● Task item: Only the lines from the one containing "Pawstar Kedi ve" through the end of the listing belong in the answer, repeated exactly, with no pictures.

● Information shown:

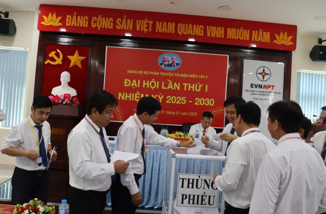Đại biểu tại Đại hội bỏ phiếu bầu Ban chấp hành Đảng bộ bộ phận Truyền tải điện miền Tây 2 nhiệm kỳ 2025 - 2030.
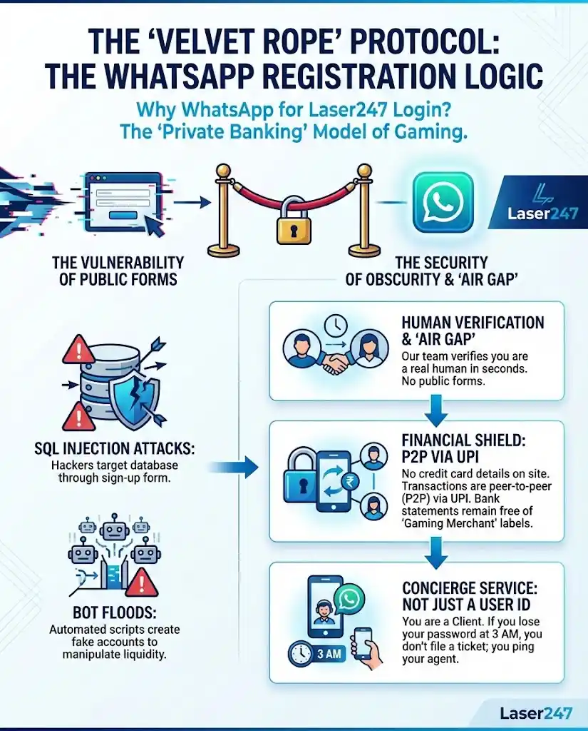 By moving registration to WhatsApp, Laser247 creates an “Air Gap.”
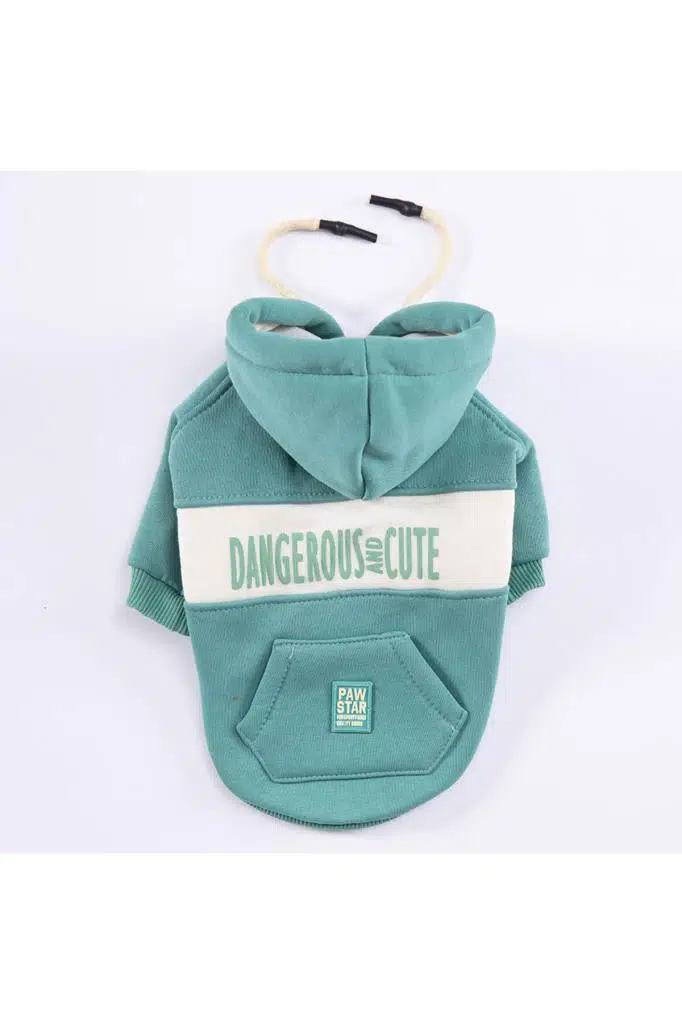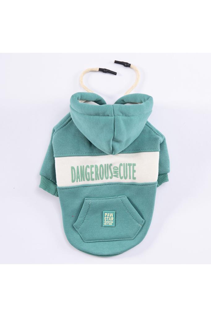 Pawstar Kedi ve KÜÇÜK Köpek Green Cute Hoodie L Sırt33cm Göğüs46cm Boyun30cm
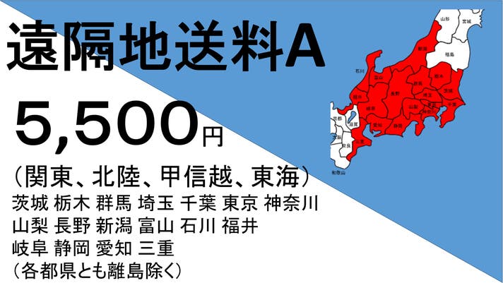 ・関東、甲信越、北陸、東海地方へのお届けは、別途5,500円が発生します。

● Task result:
 Pawstar Kedi ve KÜÇÜK Köpek Green Cute Hoodie L Sırt33cm Göğüs46cm Boyun30cm
 ・関東、甲信越、北陸、東海地方へのお届けは、別途5,500円が発生します。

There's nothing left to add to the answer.